Courtesey of the federal reserve's attempts to push the market around, treasury yields across the entire curve are well below their mean. This is leading to a gross misallocation of capital, which as usual is largely ignored by the mainstream media.
How are companies taking advantage of these low rates? They certainly aren't borrowing in order to invest in the future. Not with the level of CapEx we're seeing. What they are doing is focusing on is short term gratification as ZH has pointed out many times in the past.

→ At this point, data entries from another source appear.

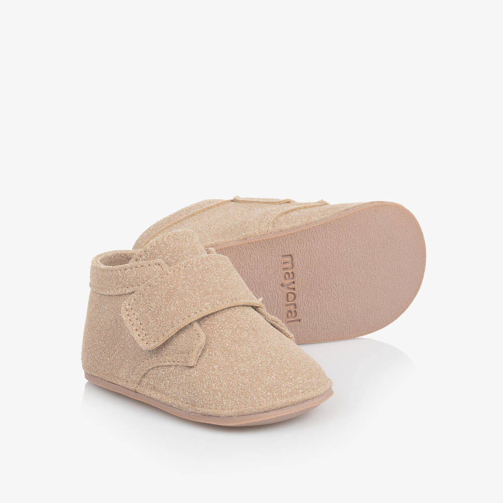 Beige pre-walker shoes for baby boys by Mayoral. Simply styled, they are made from smooth faux suede leather with a soft cotton lining and a brown non-slip flexible rubber outsole for better grip. They fasten with velcro straps across the front to make dressing easier.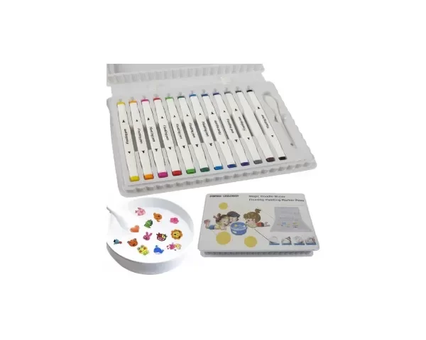 Dibuja sobre la cuchara y luego sumerge dentro del maletín con agua! Tus creaciones quedarán flotando.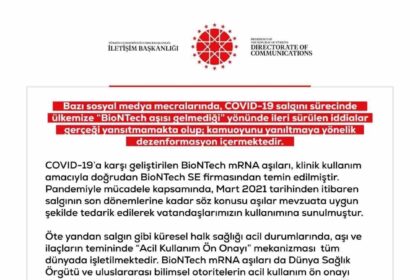 Dezenformasyonla Mücadele Merkezi, COVID-19 döneminde Türkiye’ye BioNTech aşısının gelmediği iddialarını yalanladı. BioNTech…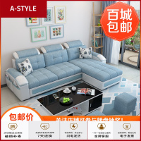 苏宁放心购布艺沙发小户型可拆洗三人四人转角客厅组合出租房套装简约现代A-STYLE家具

One glaring example of this short sighted vision is dividend recaps. Corporations borrow funds, then turn around and pay shareholders in the form of dividends. This should be a red flag to anyone paying attention, as it is a clear indication that companies apparently can't identify any projects worth investing in that will create future shareholder value.

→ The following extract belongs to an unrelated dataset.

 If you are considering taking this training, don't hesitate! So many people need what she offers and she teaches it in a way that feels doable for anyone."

So how are companies creating shareholder value if they aren't investing in CapEx (and thus a steady stream of future cash flows)? Why, they're adding debt of course. And lots of it -- just to turn around and give a one time cash benefit to shareholders.
To summarize, companies can't figure out how to cover an ever decreasing cost of capital by way of CapEx, so they're borrowing on the cheap and giving a one-time benefit to the shareholder (Einhorn picked the wrong company). This may paint a gloomy picture if you understand what's going on here, but the humor can be found in listening to the pundits wonder why nobody is buying the "market is cheap" argument.